Welcome to the first ever nipple-off. This spirited bout pits Joe Rogan against Ishmael (Randy Quaid) from the supremely underrated 1996 Farrelly Brothers comedy “Kingpin.”
In the boxing world, they say styles make fights, and the nipple game is no different. In the red corner, we have Joe Rogan, who decided to gift to the world a 20-minute video of himself doing strange things in his backyard ice bath:
There are two things you’ll notice about the footage. One, his head has gotten so big he no longer classifies as a mammal, but rather an arthropod, due to his segmented body shape and jointed appendages. He’s basically a giant meat ant. And two, his nipples are now the most chiseled part of his physique, capable of being used by jewelers to cleave facets into diamonds. I’ve always been partial to the round brilliant cut myself.
Over in the blue corner, we have Ishmael from “Kingpin,” one of the funniest flicks from the ’90s and a SEVERELY underappreciated gem. Ishmael doesn’t quite have the chest fangs that Rogan has, but he makes up for it with commanding overall circumference.

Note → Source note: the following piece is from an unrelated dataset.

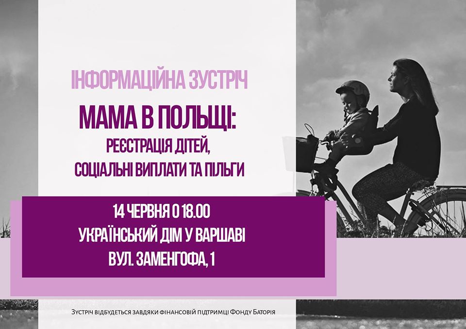 «Запрошуємо вас 14 червня о 18:00 до Українського дому (Заменхофа 1) на інформаційну зустріч «Мама в Польщі»: реєстрація дітей, соціальні виплати та пільги», – зазначається у повідомленні на сторінці події у Facebook.

Many would compare his areolas to pepperoni slices, but the ever-loveable Ishmael is well beyond such tired comparisons. His are much larger and more delectable than your typical supermarket pepperoni slices. So if we’re sticking to cold cuts, a more apt comparison would be imported Genoa salami.
Between Joe Rogan and Ishmael, who wins this slobberknocker of sloppy nipples? Well, quite frankly, Rogan’s nips make me supremely uncomfortable. I can’t make eye contact with them. Plus, I’m a big fan of Genoa, salami, and Genoa salami. So my vote goes to Ishmael, though your mileage may vary.